START Dataset extract
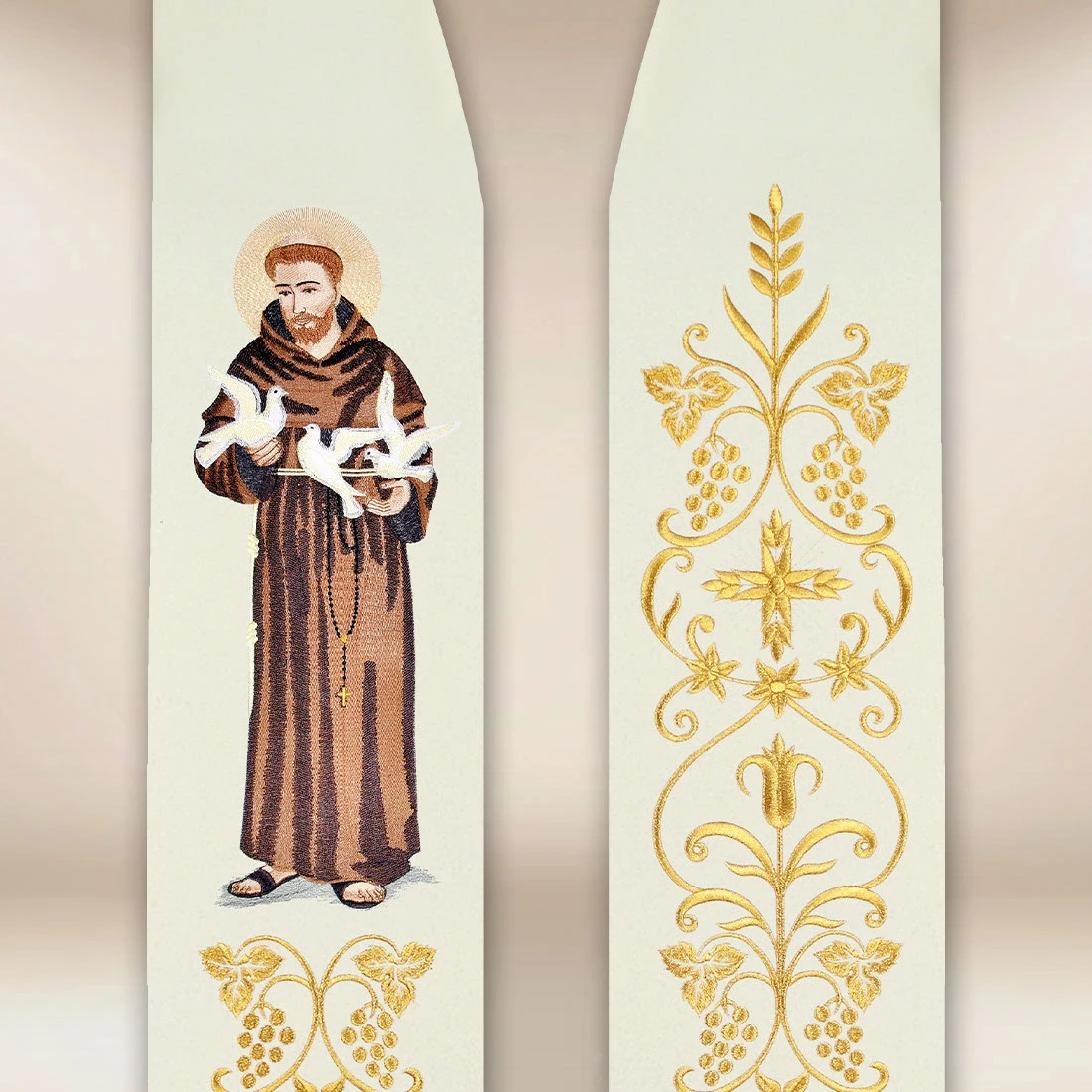 Embroidered stole featuring St. Francis in ecru color, made from high-quality fabric that is a blend of durable fibers.
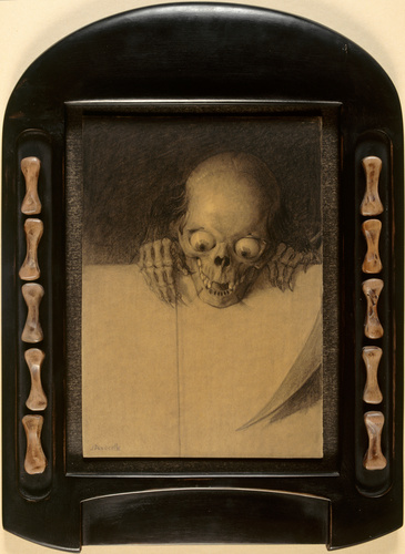 La mort et le fossoyeur de Carlos Schwabe est aussi un des tableaux forts de l’exposition. Notamment par l’utilisation de ce vert si particulier dans la main de la Mort, je n’ai pas souvenir d’avoir déjà vu un tel éclat. Un peu étonnant cependant de se dire que c’est cette œuvre qui a été retenue pour l’affiche : on est un peu éloigné de l’angoisse des premières œuvres présentées. J’ai quand même souri devant toutes les représentations de squelettes, c’est un peu ma passion tout ça. Le crâne aux yeux exorbités de Julien-Adolphe Duvocelle m’a semblé bien sympathique 😉
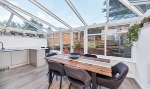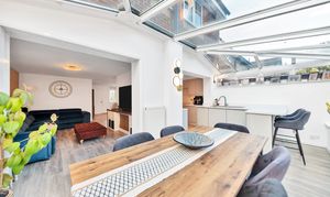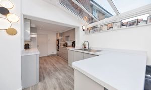 The kitchen/dining room is wonderfully open-plan, enjoying windows and double French doors to a rear aspect, wood effect flooring, sconce and inset lighting, and space for seating and furniture. The kitchen area is beautifully designed, with modern base and wall units, quartz worktops, under-cabinet lighting, an integrated double oven, hob, extractor, fridge/freezer and dishwasher, and space for other small kitchen appliances.
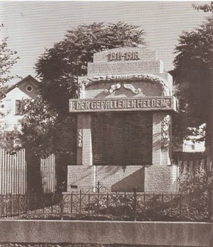 Das Denkmal für die Opfer des Ersten Weltkriegs stand auf dem Dorfplatz gegenüber der Schule. Es wurde am 9. Juli 1922 feierlich enthüllt. Die Rede wurde vom Habersbirker Pfarrer Christof Ewen gehalten. Der Entwurf und die Ausführung stammen vom Steinmetz Johann Wolf aus Heinrichsgrün. Es war ein relativ großes Steinmonument, das auf einem Sockel stand, mit Seitensäulen und einem gestuften pyramidenförmigen oberen Abschluss. Eine Girlande aus Lorbeerzweigen war über der Widmungsinschrift angebracht. Sie erhob sich aus der Mitte der Seitenpfeiler und bildet oben einen Bogen mit herabhängenden Bandenden in der Mitte. Das Ganze umgab eine große Tafel mit Daten zu den Opfern des Ersten Weltkrieges. Das Gesamtensemble war mit einem eisernen Zaun umgeben. Die Namen konnten nicht eruiert werden.
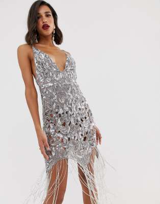 Vestito frange e paillettes clearance, Abito In Paillettes Con Frange di The clearance
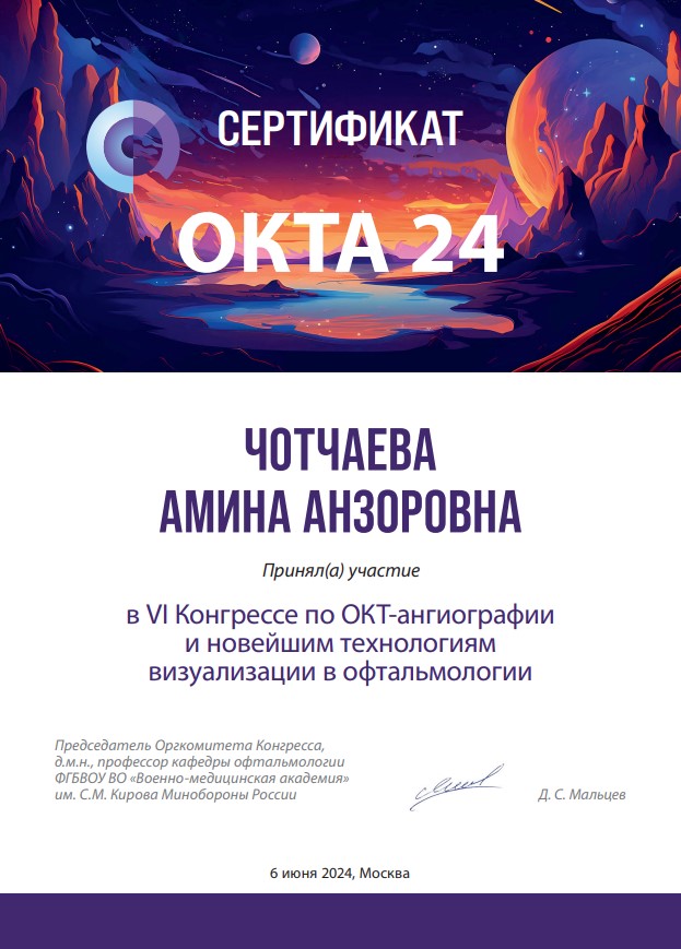 Выражаю огромную благодарность доктору Чотчаевой А. А. за оказанную мне пред операционную консультацию. Мне с моим недугом пришлось обращаться и к другим офтальмологам, но доктор Чотчаева А. А. лучшая. Читать далее
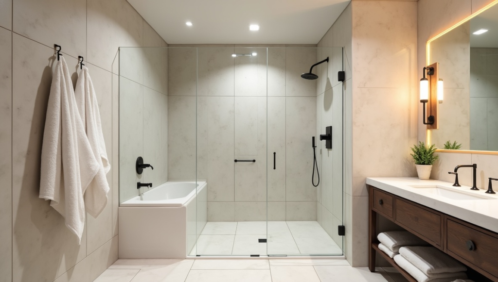 Extra-large matte tiles with linear drains produce modern, precise surfaces. Frameless glass emphasizes the tiles, keeping the focus on clean geometry. Even lighting enhances the matte finish, preventing dullness. Perfect for walk-in showers, this style highlights minimalism and functional design while maximizing visual openness.
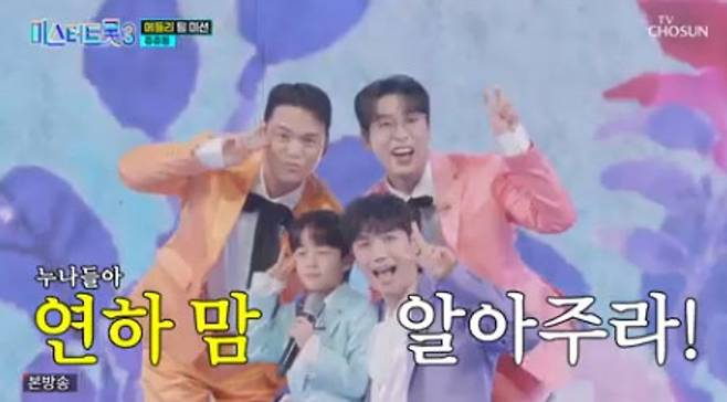 6일 TV조선 '미스터트롯3'에선 메들리 팀 미션으로 펼쳐진 가운데 천록담, 유지우, 강훈, 임찬이 뭉친 쥬쥬핑 팀의 공연이 공개됐다.
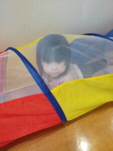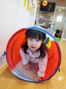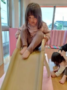 滑り台を「もう一回!」と繰り返し滑ったり、トンネルから「ばあ!」と顔を出したりと、元気いっぱいの子どもたち♪
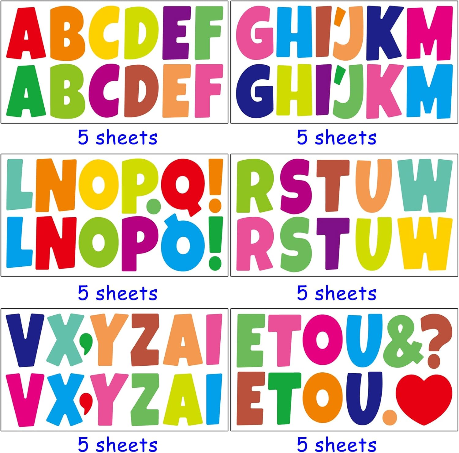 - Sufficient Quantity & Vinyl Material: Elevate your creative projects with this complete set of 310 pieces poster letters, and 50 punctuation stickers, total of 360 Pieces 30 sheets 2.5 inch sticker letters enough quantity to meet the need of classroom, bulletin board dรฉcor, craft projects and more. These sturdy poster board letters are made from durable vinyl material using a high quality printing process, and ensure long-lasting durability
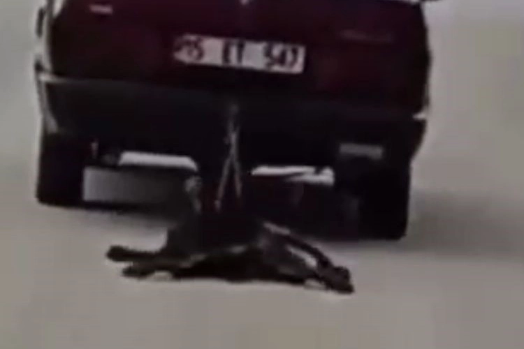 Burdur'da sokak köpeği bir otomobilin arkasına bağlanarak metrelerce sürüklendi.
END Dataset extract
Required action:
Only the lines from the beginning of the records through the line bearing "The kitchen/dining room" belong in the answer, copied word for word with pictures left out.

Solution:
 Embroidered stole featuring St. Francis in ecru color, made from high-quality fabric that is a blend of durable fibers.
 La mort et le fossoyeur de Carlos Schwabe est aussi un des tableaux forts de l’exposition. Notamment par l’utilisation de ce vert si particulier dans la main de la Mort, je n’ai pas souvenir d’avoir déjà vu un tel éclat. Un peu étonnant cependant de se dire que c’est cette œuvre qui a été retenue pour l’affiche : on est un peu éloigné de l’angoisse des premières œuvres présentées. J’ai quand même souri devant toutes les représentations de squelettes, c’est un peu ma passion tout ça. Le crâne aux yeux exorbités de Julien-Adolphe Duvocelle m’a semblé bien sympathique 😉
 The kitchen/dining room is wonderfully open-plan, enjoying windows and double French doors to a rear aspect, wood effect flooring, sconce and inset lighting, and space for seating and furniture. The kitchen area is beautifully designed, with modern base and wall units, quartz worktops, under-cabinet lighting, an integrated double oven, hob, extractor, fridge/freezer and dishwasher, and space for other small kitchen appliances.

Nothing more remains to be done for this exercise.